Dropping every picture, set down exactly the lines in the entries below, starting with the line with "Welcome to Zen" and going on through the line with "Silver Air Filled".

EXTRACTED MATERIAL:
_ _ _ _ _ _ _

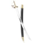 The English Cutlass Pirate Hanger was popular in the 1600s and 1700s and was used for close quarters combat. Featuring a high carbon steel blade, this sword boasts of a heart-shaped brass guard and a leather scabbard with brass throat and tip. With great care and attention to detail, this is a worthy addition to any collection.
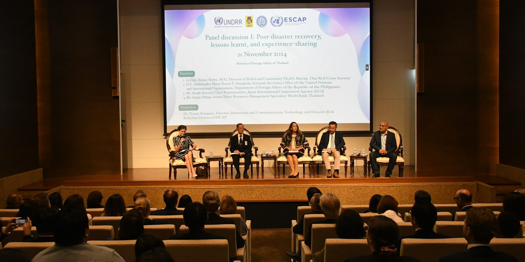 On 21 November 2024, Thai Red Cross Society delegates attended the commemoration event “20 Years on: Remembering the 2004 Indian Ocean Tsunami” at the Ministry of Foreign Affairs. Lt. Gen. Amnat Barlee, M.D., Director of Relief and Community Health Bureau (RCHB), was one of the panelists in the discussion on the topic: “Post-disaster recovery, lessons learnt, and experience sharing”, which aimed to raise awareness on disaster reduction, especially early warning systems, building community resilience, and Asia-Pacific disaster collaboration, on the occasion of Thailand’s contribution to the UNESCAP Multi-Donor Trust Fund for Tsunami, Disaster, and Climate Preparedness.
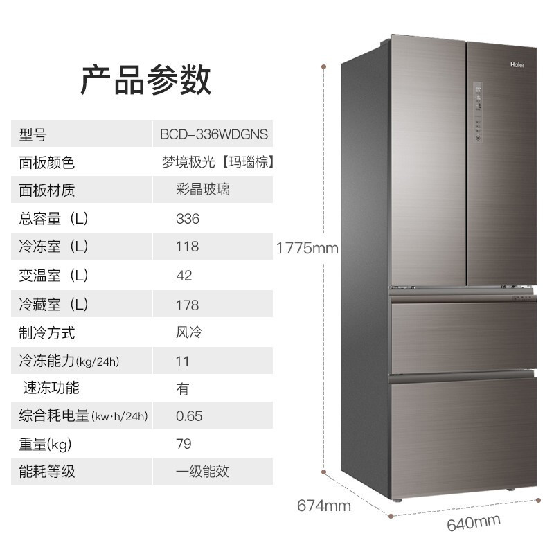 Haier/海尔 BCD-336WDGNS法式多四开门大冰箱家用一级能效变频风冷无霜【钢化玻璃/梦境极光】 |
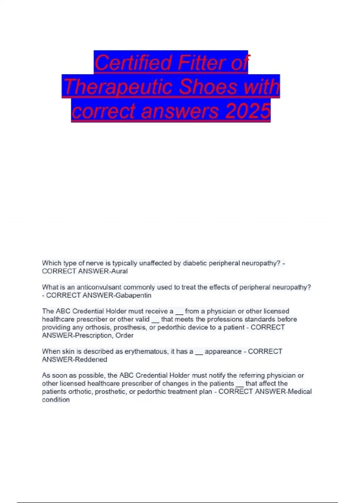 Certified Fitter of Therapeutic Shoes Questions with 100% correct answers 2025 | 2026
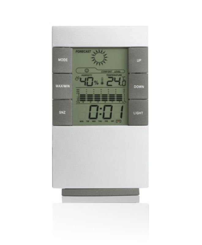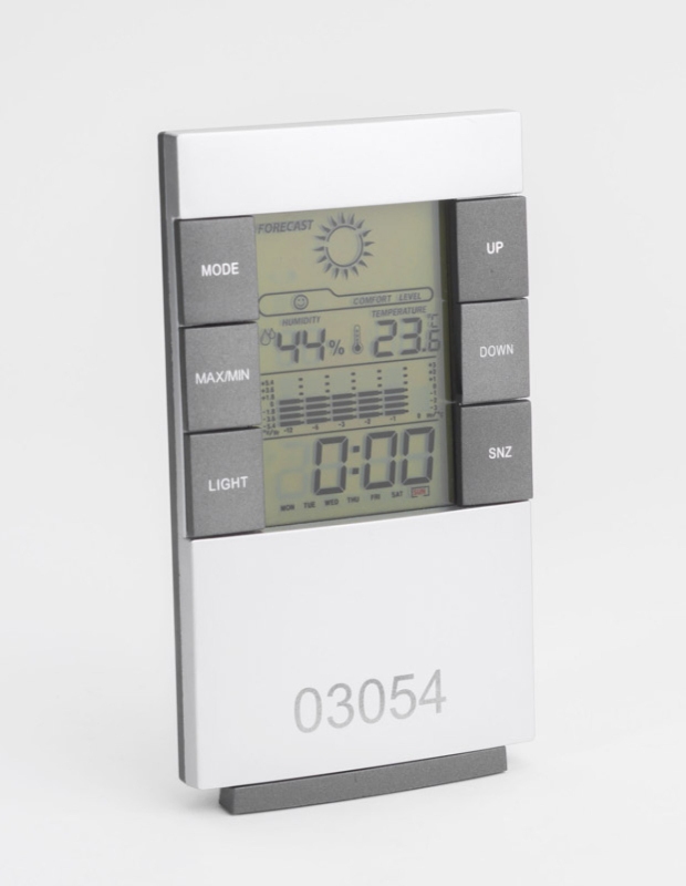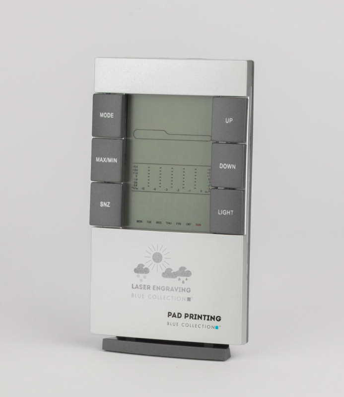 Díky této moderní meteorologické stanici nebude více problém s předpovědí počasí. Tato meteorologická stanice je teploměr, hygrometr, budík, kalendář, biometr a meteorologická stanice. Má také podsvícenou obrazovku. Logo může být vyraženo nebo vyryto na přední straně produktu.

_ _ _ _ _ _ _

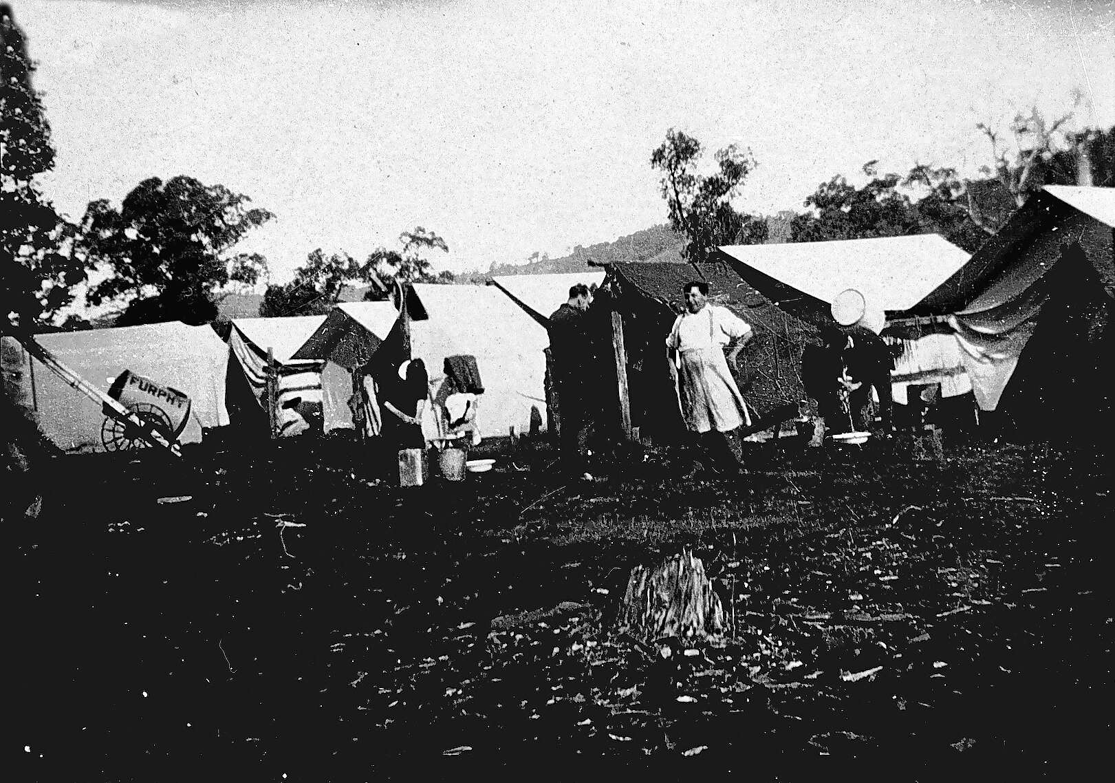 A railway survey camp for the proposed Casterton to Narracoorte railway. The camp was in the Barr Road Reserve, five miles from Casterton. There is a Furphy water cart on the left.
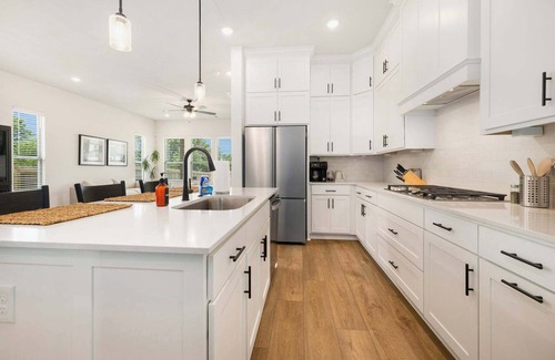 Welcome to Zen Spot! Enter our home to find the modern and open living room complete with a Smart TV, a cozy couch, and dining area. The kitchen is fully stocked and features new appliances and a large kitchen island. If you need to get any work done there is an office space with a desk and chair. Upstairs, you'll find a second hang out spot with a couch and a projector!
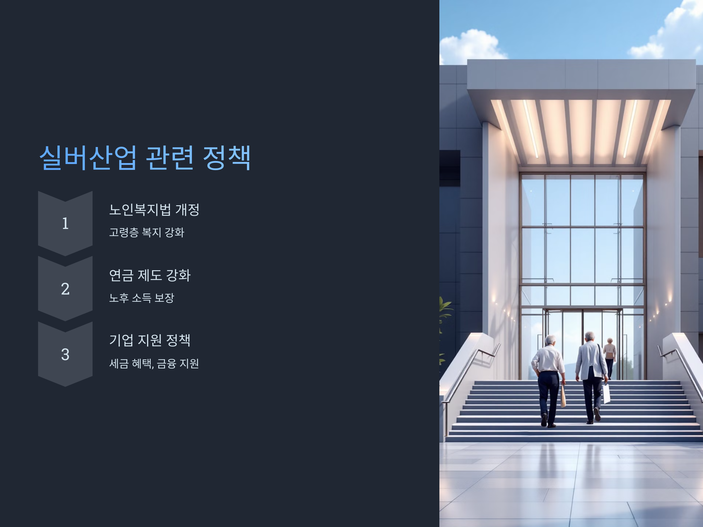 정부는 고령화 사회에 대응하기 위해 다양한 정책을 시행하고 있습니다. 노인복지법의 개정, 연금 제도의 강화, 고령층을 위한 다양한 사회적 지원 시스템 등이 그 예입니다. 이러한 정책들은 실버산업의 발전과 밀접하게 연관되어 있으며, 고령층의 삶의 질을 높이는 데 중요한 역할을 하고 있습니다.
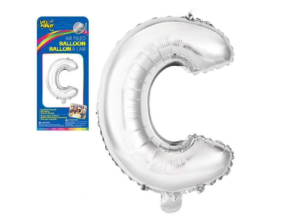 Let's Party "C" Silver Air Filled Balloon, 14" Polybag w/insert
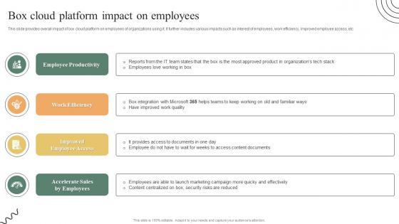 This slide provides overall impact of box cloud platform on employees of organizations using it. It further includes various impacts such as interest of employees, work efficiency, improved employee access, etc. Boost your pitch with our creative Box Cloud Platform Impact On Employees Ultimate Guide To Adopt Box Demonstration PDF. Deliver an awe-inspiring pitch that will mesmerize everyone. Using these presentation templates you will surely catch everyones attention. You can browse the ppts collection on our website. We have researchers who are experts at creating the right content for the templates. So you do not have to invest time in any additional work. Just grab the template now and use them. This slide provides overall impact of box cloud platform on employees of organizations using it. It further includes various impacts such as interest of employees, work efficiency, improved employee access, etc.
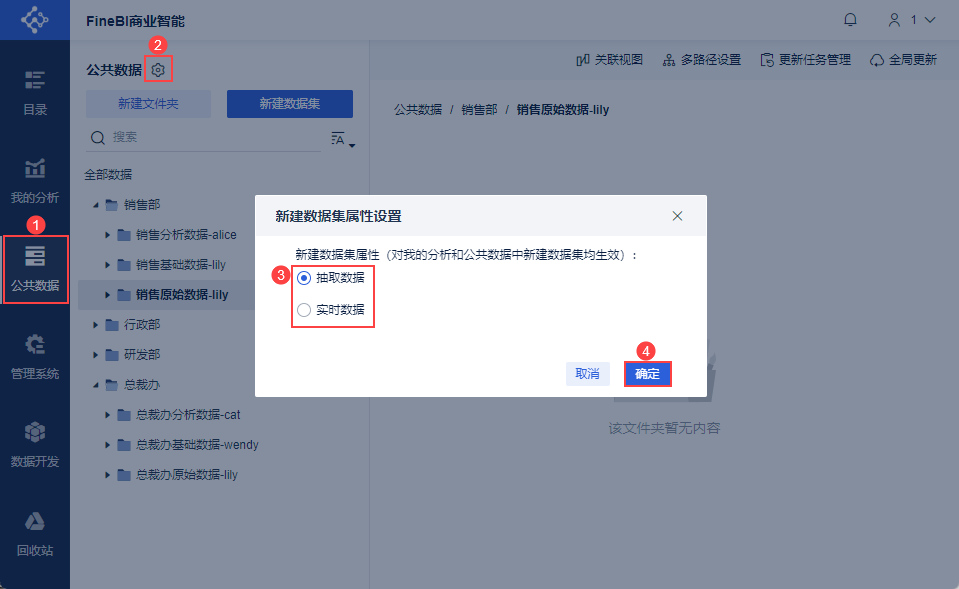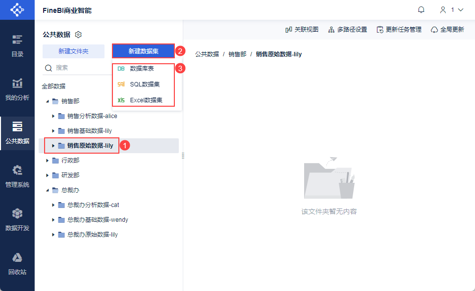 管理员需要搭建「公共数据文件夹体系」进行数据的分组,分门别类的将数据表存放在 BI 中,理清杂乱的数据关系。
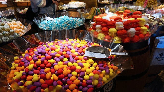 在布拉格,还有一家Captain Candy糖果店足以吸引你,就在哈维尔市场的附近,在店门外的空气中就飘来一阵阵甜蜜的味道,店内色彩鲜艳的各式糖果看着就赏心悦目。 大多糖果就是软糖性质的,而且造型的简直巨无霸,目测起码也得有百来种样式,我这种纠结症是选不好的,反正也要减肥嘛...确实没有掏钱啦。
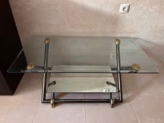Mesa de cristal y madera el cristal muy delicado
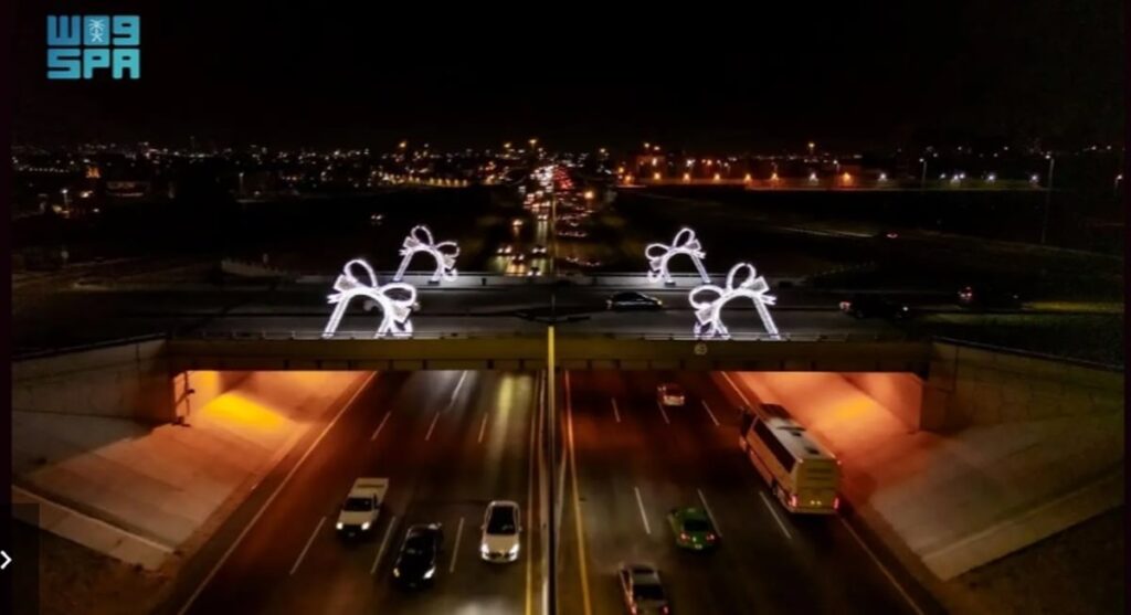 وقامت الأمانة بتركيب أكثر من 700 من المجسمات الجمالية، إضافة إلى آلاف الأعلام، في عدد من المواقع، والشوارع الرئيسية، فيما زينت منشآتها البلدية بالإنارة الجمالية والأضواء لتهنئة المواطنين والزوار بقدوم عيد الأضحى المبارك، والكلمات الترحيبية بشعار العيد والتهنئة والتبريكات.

_ _ _ _ _ _ _

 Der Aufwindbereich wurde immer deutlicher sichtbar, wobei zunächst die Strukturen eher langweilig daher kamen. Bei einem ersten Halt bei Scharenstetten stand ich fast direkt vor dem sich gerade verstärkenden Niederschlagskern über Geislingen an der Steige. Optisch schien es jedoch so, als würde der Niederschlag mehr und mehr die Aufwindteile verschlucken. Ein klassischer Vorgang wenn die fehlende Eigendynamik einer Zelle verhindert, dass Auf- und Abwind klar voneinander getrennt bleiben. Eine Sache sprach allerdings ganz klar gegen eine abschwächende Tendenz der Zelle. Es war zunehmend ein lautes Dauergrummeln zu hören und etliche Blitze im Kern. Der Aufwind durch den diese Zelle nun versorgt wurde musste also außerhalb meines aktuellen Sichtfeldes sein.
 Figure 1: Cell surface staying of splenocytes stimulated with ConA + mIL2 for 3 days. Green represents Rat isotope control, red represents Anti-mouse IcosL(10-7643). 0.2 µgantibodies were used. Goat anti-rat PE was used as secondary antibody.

_ _ _ _ _ _ _

SOLUTION TO THIS TASK:
 Welcome to Zen Spot! Enter our home to find the modern and open living room complete with a Smart TV, a cozy couch, and dining area. The kitchen is fully stocked and features new appliances and a large kitchen island. If you need to get any work done there is an office space with a desk and chair. Upstairs, you'll find a second hang out spot with a couch and a projector!
 정부는 고령화 사회에 대응하기 위해 다양한 정책을 시행하고 있습니다. 노인복지법의 개정, 연금 제도의 강화, 고령층을 위한 다양한 사회적 지원 시스템 등이 그 예입니다. 이러한 정책들은 실버산업의 발전과 밀접하게 연관되어 있으며, 고령층의 삶의 질을 높이는 데 중요한 역할을 하고 있습니다.
 Let's Party "C" Silver Air Filled Balloon, 14" Polybag w/insert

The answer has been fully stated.